Beneath this sentence is a listing. Return its lines from the one containing "- Open living" through the last, exactly, and omit the pictures.

- [DATA BELOW]:

-*-*-

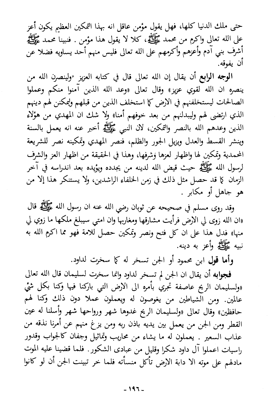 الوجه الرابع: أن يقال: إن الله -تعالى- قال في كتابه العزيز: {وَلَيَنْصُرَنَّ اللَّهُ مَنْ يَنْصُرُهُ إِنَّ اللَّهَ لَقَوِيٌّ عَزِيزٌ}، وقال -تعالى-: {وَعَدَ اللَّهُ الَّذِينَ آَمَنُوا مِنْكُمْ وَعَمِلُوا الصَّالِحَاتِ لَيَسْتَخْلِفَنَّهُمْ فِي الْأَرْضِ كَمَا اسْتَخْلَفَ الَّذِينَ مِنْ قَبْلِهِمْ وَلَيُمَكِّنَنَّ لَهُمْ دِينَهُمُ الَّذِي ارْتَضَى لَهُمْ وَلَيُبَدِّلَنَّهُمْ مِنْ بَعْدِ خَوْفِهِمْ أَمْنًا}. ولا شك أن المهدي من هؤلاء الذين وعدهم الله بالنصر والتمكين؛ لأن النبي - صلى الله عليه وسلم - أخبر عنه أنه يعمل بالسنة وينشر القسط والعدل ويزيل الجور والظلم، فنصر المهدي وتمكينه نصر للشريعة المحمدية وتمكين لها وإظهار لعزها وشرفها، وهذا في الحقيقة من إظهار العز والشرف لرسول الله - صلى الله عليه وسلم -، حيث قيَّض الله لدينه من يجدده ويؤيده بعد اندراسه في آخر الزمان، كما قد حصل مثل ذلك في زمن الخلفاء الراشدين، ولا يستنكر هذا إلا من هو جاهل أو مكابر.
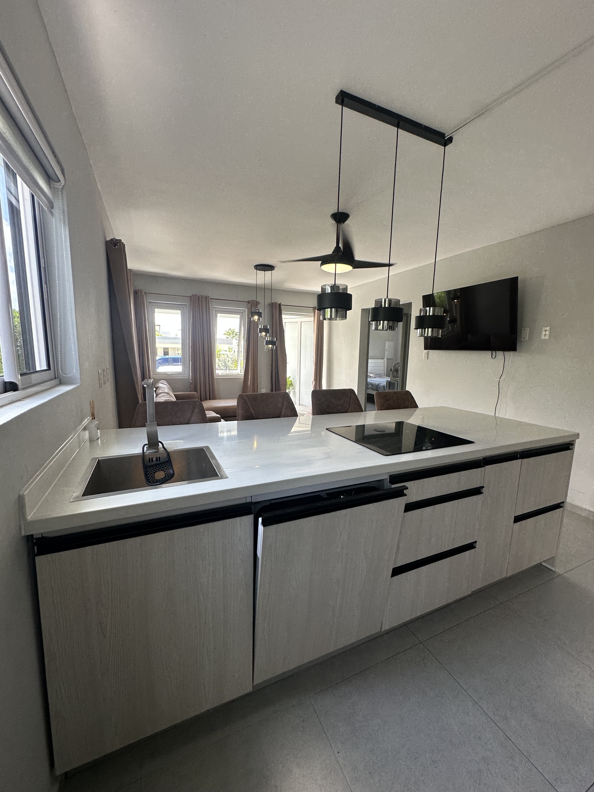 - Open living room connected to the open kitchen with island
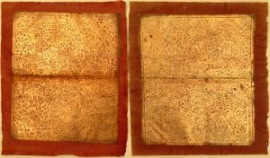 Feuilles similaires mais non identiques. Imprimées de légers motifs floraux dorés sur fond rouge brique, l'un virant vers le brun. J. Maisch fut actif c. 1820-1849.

-*-*-

- [TASK RESULT]:
 - Open living room connected to the open kitchen with island
 Feuilles similaires mais non identiques. Imprimées de légers motifs floraux dorés sur fond rouge brique, l'un virant vers le brun. J. Maisch fut actif c. 1820-1849.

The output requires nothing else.